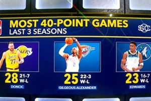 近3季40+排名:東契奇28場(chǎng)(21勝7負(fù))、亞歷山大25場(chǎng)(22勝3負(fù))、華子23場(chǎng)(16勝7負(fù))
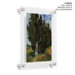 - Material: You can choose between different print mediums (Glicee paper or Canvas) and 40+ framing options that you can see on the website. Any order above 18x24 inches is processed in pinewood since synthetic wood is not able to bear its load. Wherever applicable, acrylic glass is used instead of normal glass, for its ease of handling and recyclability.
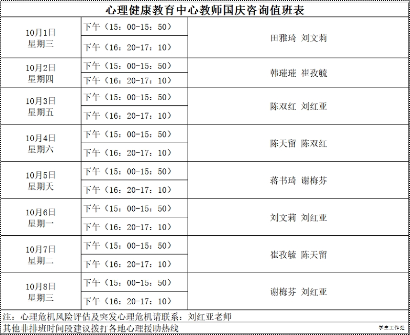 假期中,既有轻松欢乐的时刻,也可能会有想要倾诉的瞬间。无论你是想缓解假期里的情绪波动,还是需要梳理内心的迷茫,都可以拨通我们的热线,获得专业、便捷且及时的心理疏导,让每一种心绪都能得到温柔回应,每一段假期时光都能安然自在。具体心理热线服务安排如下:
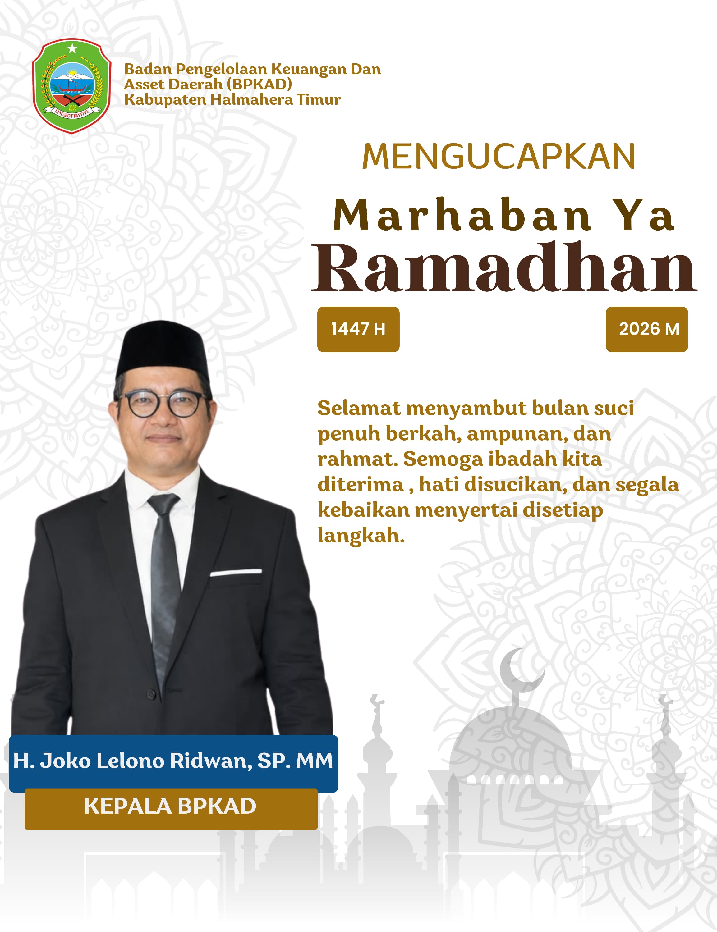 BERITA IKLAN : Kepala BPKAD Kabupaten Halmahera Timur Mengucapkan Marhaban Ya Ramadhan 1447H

#### Task details
Reproduce the material above exactly, but only from the line with "假期中,既有轻松欢乐的时刻,也可能会有想" through its last line, leaving pictures out.

#### Task output
 假期中,既有轻松欢乐的时刻,也可能会有想要倾诉的瞬间。无论你是想缓解假期里的情绪波动,还是需要梳理内心的迷茫,都可以拨通我们的热线,获得专业、便捷且及时的心理疏导,让每一种心绪都能得到温柔回应,每一段假期时光都能安然自在。具体心理热线服务安排如下:
 BERITA IKLAN : Kepala BPKAD Kabupaten Halmahera Timur Mengucapkan Marhaban Ya Ramadhan 1447H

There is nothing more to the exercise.